These are chat archives for thunder-project/thunder
I have run into another issue running Thunder on my University's cluster environment. An error seems to be occurring when I try to convert my images to a series, no matter how I try to do it.
I have successfully performed image registration for a large tif stack. I am able to save the output using saveAsBinaryImages(). However, if I take the same structure and try saveAsBinarySeries(), I get an error along the lines of:
File "/share/pkg/spark/1.5.0/install/python/lib/pyspark.zip/pyspark/serializers.py", line 269, in dump_stream
IOError: [Errno 28] No space left on device
I also get the same error if I load in the above saved binaries in a fresh instance, and try to convert them using toTimeSeries().normalize().
That seems to suggest a memory problem? However, I have run this on the nodes with the largest available memory on our cluster (256GB). I may be able to access 512GB nodes with special permission, but I am getting the feeling that won't solve my problem.

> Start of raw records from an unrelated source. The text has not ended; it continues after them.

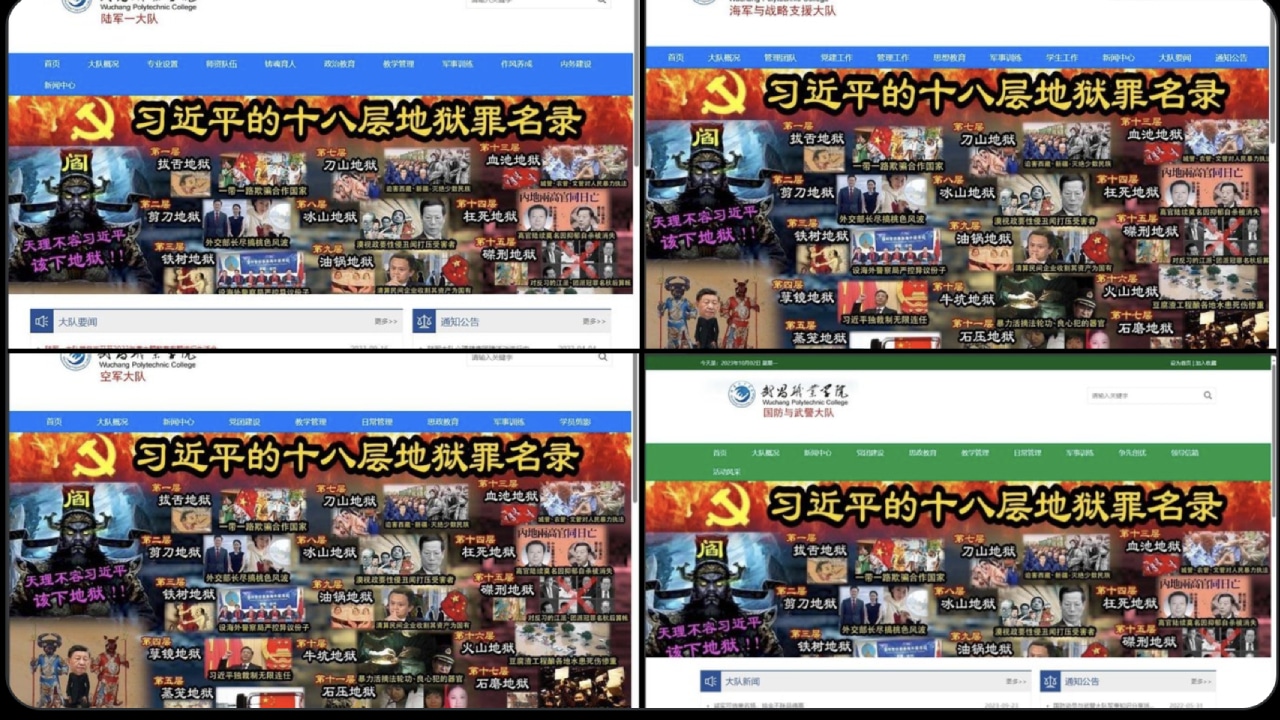 Ngày 2/10, trên trang web của Học viện Nghề Vũ Xương bất ngờ xuất hiện hình ảnh “Hồ sơ tội ác 18 tầng địa ngục của Tập Cận Bình”. Học viện này là một cơ sở chuyên đào tạo sĩ quan cho Lục quân, Hải quân, Không quân, Lực lượng Tên lửa, Lực lượng Cảnh sát Vũ trang và Cục Huy động Quốc phòng của Quân ủy Đảng Cộng sản Trung Quốc (ĐCSTQ). Hình ảnh này cũng đồng thời xuất hiện trên trang web chính thức của Cơ sở Giáo dục Quốc phòng Nam Dương, Đại học Kỹ thuật Hải quân của Trung Quốc, thậm chí cả trang web chính thức “Thẻ công dân thành phố Hàm Đan” của Hà Bắc.
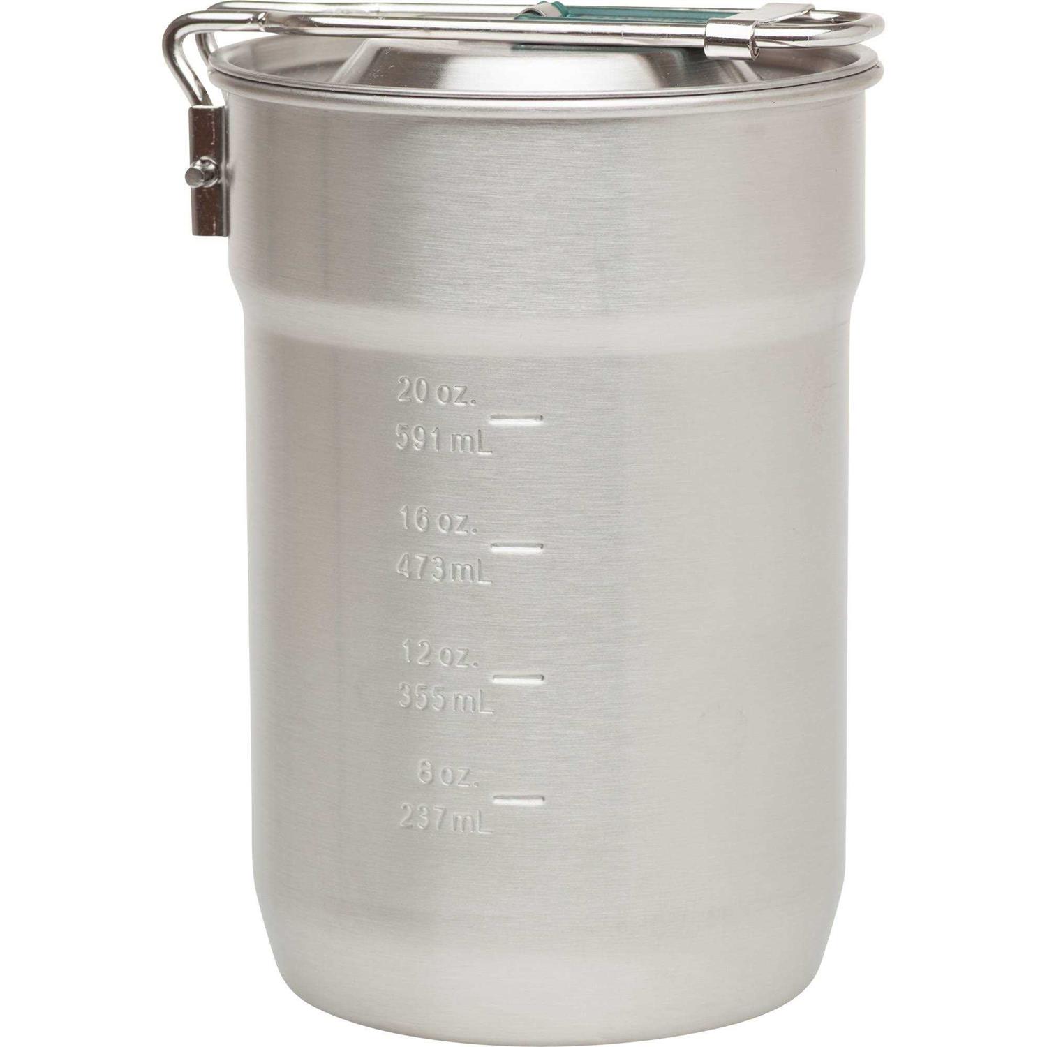 Stanley Adventure 24oz Stainless Steel Camp Cook Set is an integrated solution that brings the comforts of home cooking to the camp. 18/8 stainless steel wont rust, naturally BPA free. Locking handle extends for cooking, folds to save space. Vented lid lets you cook on camp stoves or grills. This cook set includes: 2-nesting 10oz insulated cups. Also is dishwasher safe.
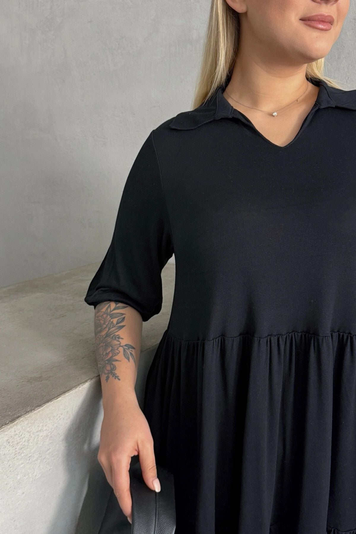 Moda Notu: Zarafeti ve rahatlığı bir araya getiren bu kat kat maxi elbise, gardırobunuzun favorisi olacak. Gömlek yaka detayıyla şık bir görünüm sunarken, rahat kesimiyle gün boyu konfor sağlar. Hem günlük kullanımda hem de özel anlarda topuklu ayakkabılar veya sandaletlerle kolayca kombinleyebilirsiniz.
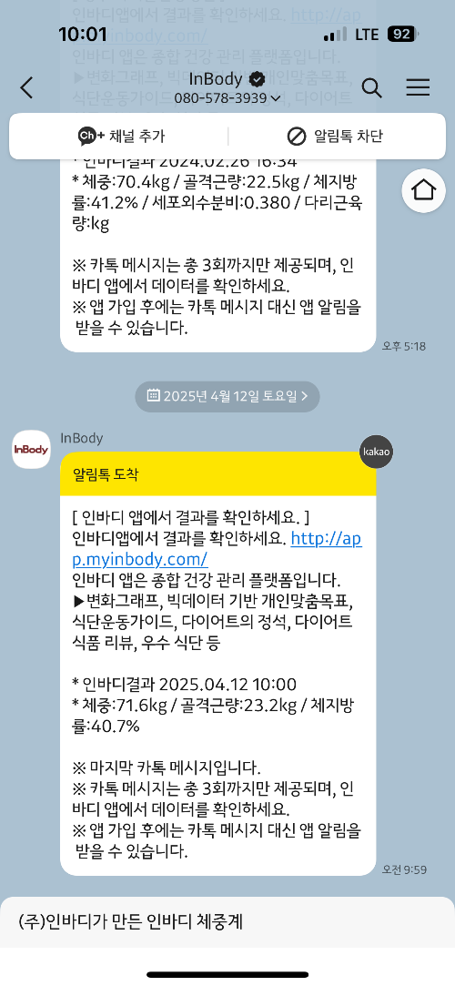 인바디 결과를 카톡으로 받았는데
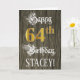 The front of this formal and ornate birthday greeting card design features the message “Happy 64th Birthday,”, and an editable recipient name. Some of the message is in elaborate script-style text. The large number “64th” features a faux/imitation gold-inspired look pattern. The background has a faux/imitation woodgrain-inspired pattern. The inside has a customized birthday greeting message, or could perhaps be cleared and left blank if a message is to be written by hand instead. A luxurious, customized birthday greeting card like this might be sent in celebration of somebody’s sixty-fourth birthday. [~Z0000561]
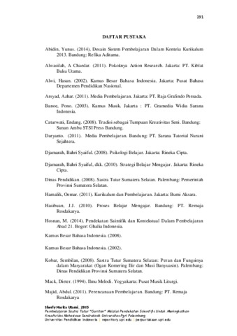 Utami, Sherly Marita (2015) PEMBELAJARAN SASTRA TUTUR “GURITAN” MELALUI PENDEKATAN SCIENTIFIC UNTUK MENINGKATKAN KREATIVITAS MAHASISWA SENDRATASIK UNIVERSITAS PGRI PALEMBANG. S2 thesis, Universitas Pendidikan Indonesia.
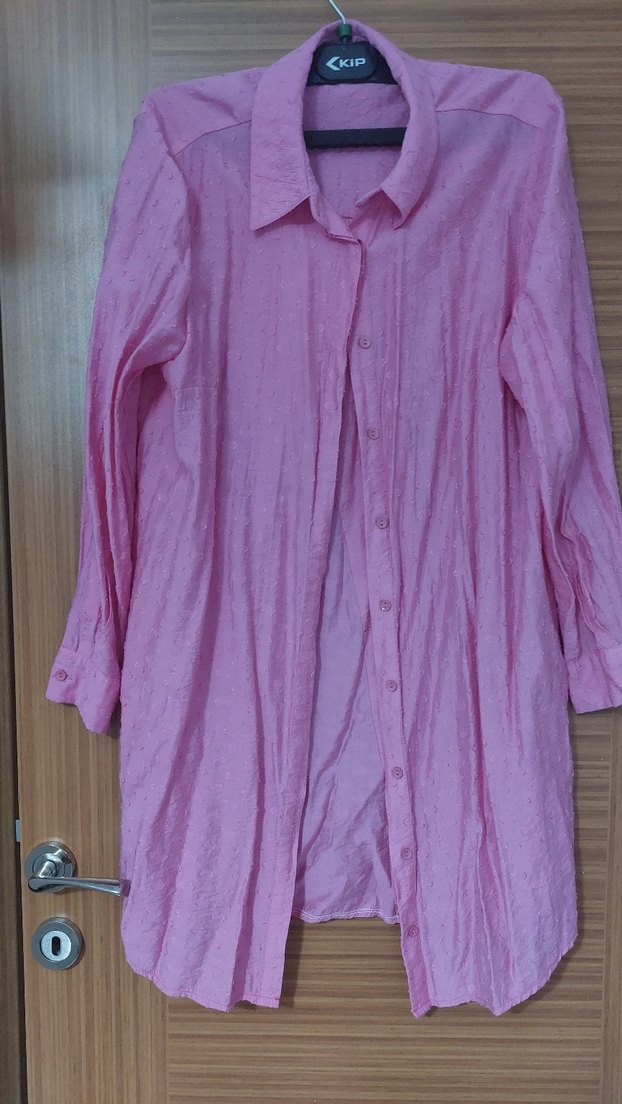 Pastel pembe keten gömlek, uzun kollu, düğmeli ve bol kesimdir. Minimalist ve bohem tarzıyla günlük kullanıma uygundur.
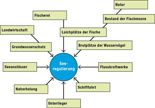 So wäre für Fauna und Flora insbesondere im Frühjahr ein natürliches, unreguliertes Pegelregime günstig, aber manche Seen müssen in dieser Jahreszeit tief gehalten werden, um Schneeschmelzwasser auffangen zu können. Im Winter ist die Schifffahrt auf genügend hohe Seestände angewiesen, während die Pflege seenaher Riedflächen im Herbst und Winter tiefe Wasserstände erfordert. Dagegen sind sowohl für die Landwirtschaft als auch für die unterliegenden Wasserkraftwerke eher ausgeglichene, konstante Verhältnisse von Vorteil. Und im Hochwasserfall wird in Seenähe erwartet, dass möglichst viel Wasser aus dem See abgelassen wird, wodurch aber im Unterlauf die Hochwassergefahr zunehmen kann.

As suggested by @freeman-lab above, I have also added export _JAVA_OPTIONS="-Xms512m -Xmx4g” to my ~/.bash_profile as well. Is it likely that my Java is needing more than 4GB for converting images to series? I have upped the 4g and will be running it again overnight to see if that fixes the issue, but I'd be happy to know if there are other things I can consider trying.

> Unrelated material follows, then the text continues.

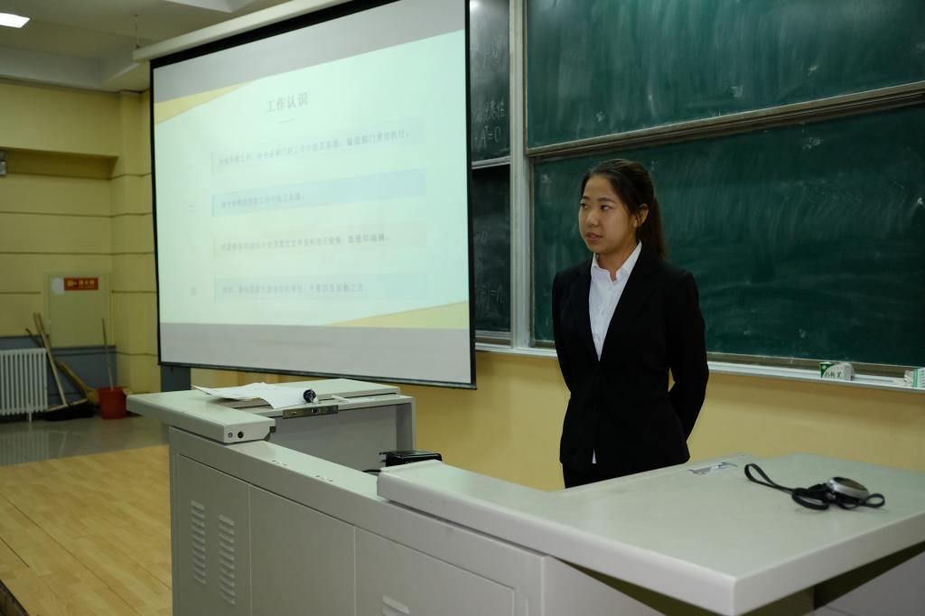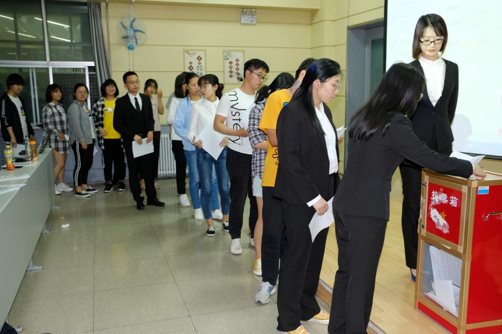 随后,各位团学组织竞选人上台述职,台下的老师及同学们认真聆听。答辩过程中,竞选者们以最饱满的精神状态向与会人员讲述了自己所参与开展的活动、取得的成就并表达了自身对学生工作的热爱及对未来工作的期许。随后,总监票人吴天聪主持了接下来的投票环节。此次选举采取无记名投票的方法,差额选举出高千娇、耿默兰、刘锡甜等15位同学,与上届留任委员毕桐馨、李明轩、连胜男组成了18人的91网

IOError: [Errno 28] No space left on devicemy first thought is that it's storage, not memory, and you need to make sure you have sufficient storage on all nodes
shuffle, which writes temporary data to disk
Imagesobjects not support multi-indexing? When I try to convert using
toSeries(), I get an error in imgblocks/strategy.py:
imgSlices = [slice(timepoint, timepoint+1, 1)] + list(blockSlices) TypeError: can only concatenate tuple (not "int") to tuple
@freeman-lab Thanks. I found I had to set SPARK_LOCAL_DIRS to a different folder on our cluster for using temporary/scratch space. That has helped curb that error.
Two more questions I have come across:
Does tsc.loadImages() or other tsc.load functions automatically parallelize the data it loads, or does it need to be parallelized afterwards? I was under the impression that it will parallelize it when it loads it. However, when running Thunder on our cluster, I am reserving a node with 16 slots, but everything is being done on one of them.
When I submit my job, I use qsub -pe omp 16 to request a 16 slot node. I then use thunder-submit --master local myscript.py. I believe that thunder should treat this as running it on a local machine with 16 slots, but it should recognize it can be run in parallel. I then define tsc = ThunderContext.start(appName='myscript'). When I then use tsc.loadImages() everything is run on 1 slot, rather than being parallel across the 16. Do I need to import parallelize from spark to parallelize my loaded data?
This may be related to above, but after updating the SPARK_LOCAL_DIRS, now when I run saveAsBinarySeries, I am getting an OutOfMemoryError: Java Heap Space. I would anticipate this may be since the data is trying to compute on only one node and keeps running out of space. Would there be anything else to consider in working to debug this error?